1. Common Interest Qualified Privilege
Under New Jersey law, a common interest qualified privilege applies to communications "made bona fide upon any subject in which the party communicating has an interest, or in reference to which he has a duty . . . if [the communication is] made to a person having a corresponding interest or duty. . . ." Prof'l Recovery Servs., Inc. v. Gen. Elec. Capital Corp., 642 F. Supp. 2d 391, 400 (D.N.J. 2009) (quoting Williams v. Bell Tel. Labs., Inc., 623 A.2d 234, 240 (N.J. 1993)). To determine if this qualified privilege applies, the Court must examine three elements: "(1) the appropriateness of the occasion on which the defamatory information is published, (2) the legitimacy of the interest thereby sought to be protected or promoted, and (3) the pertinence of the receipt of that information by the recipient." Id. at 401 (citing Bainhauer v. Manoukian, 520 A.2d 1154, 1169 (N.J. Super. Ct. App. Div. 1987)).
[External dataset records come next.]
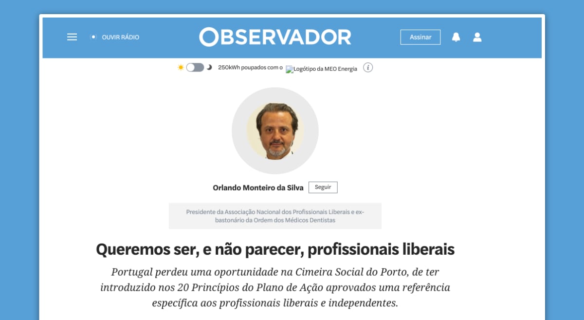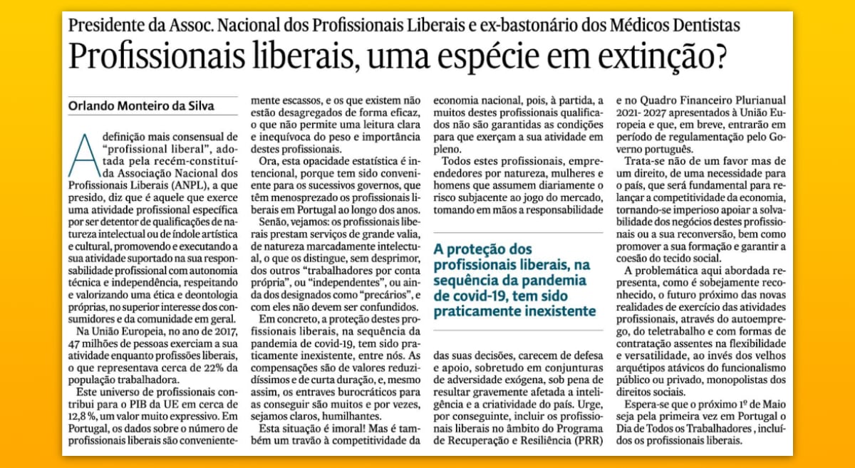 O presidente da ANPL, Orlando Monteiro da Silva, assina esta sexta-feira, 30 de abril, um artigo de opinião que realça a importância de valorizar e proteger os profissionais liberais. A versão completa do artigo está disponível no site do Expresso.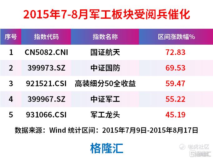 回溯历史规律,阅兵前1-2个月军工板块通常出现主题行情,以2015年的世界反法西斯战争胜利70周年大阅兵为例,7月9日起军工板块行情受阅兵的催化,8月17日达到最高点,航空航天ETF天弘(159241)跟踪国证航天指数凭借72.83%的涨幅位居同类军工类指数第一。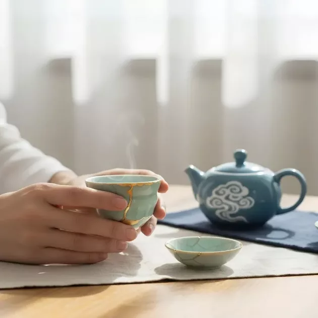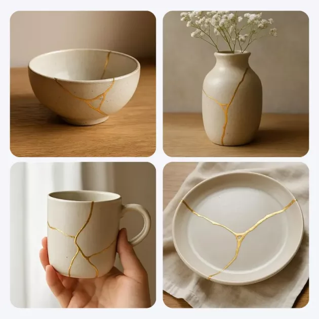 Unsere liebsten Kakao-Tassen sind nach dem Geschirrspüler gerissen. Meine Kinder haben dieses Keramik-Set benutzt, jeden Schritt befolgt, und jetzt sehen die glänzenden Reparaturlinien wie beabsichtigte Kunst aus.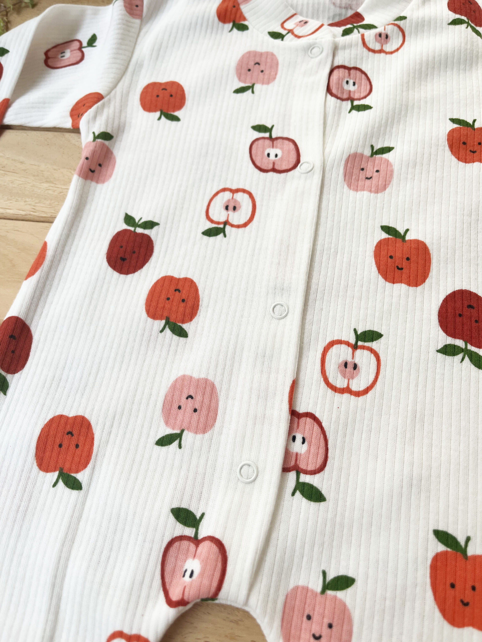 Elma Desenli %100 Pamuk Ribana Dokulu Çıtçıtlı Uzun Kollu Fitilli Bebek Tulum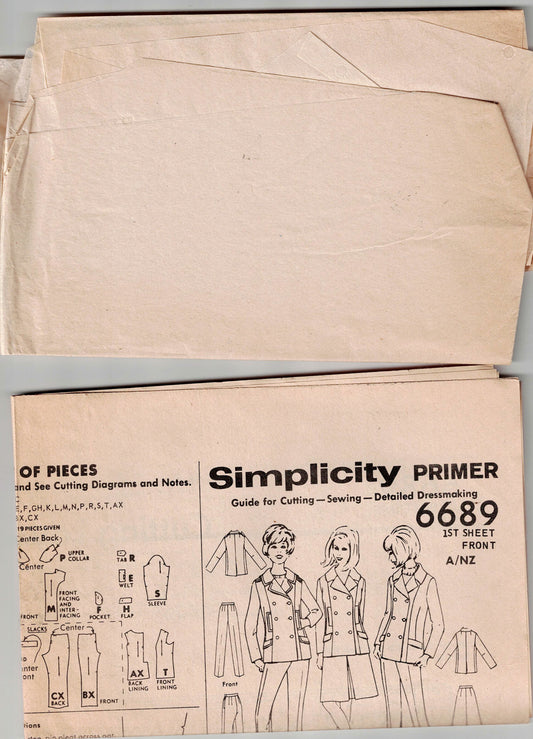 Simplicity 6689 Womens Jacket Skirt & Pants 1960s Vintage Sewing Pattern Size 14 Bust 34 inches

Applying the Bainhauer test to this case it is not completely clear from the face of the Complaint that Drinker Defendants are entitled to the common interest privilege. Although arguably Drinker Defendants can show the second element—given that Carrier and HUMC, as partners in the potential joint venture with JNL, had a legitimate interest in the communication—the Complaint falls short for the remaining elements. First, the Complaint provides little about the occasion of the publication, stating only that JNL's counsel was "advised that the information came from DBR through a 'recently hired partner'" who "was on a call where the information regarding Mr. Lasko was revealed." (See Compl. ¶¶ 38 & 39). These allegations provide little about who was present during that call and therefore, it is impossible for this Court to determine the appropriateness of the occasion. Second, because it is unclear who exactly were the recipients of this communication, it is also unclear whether the statements were actually pertinent. Thus, although it may appear that this privilege could apply, at this stage the Court cannot make that determination. See Cruz, 2010 WL 2989987, at *5.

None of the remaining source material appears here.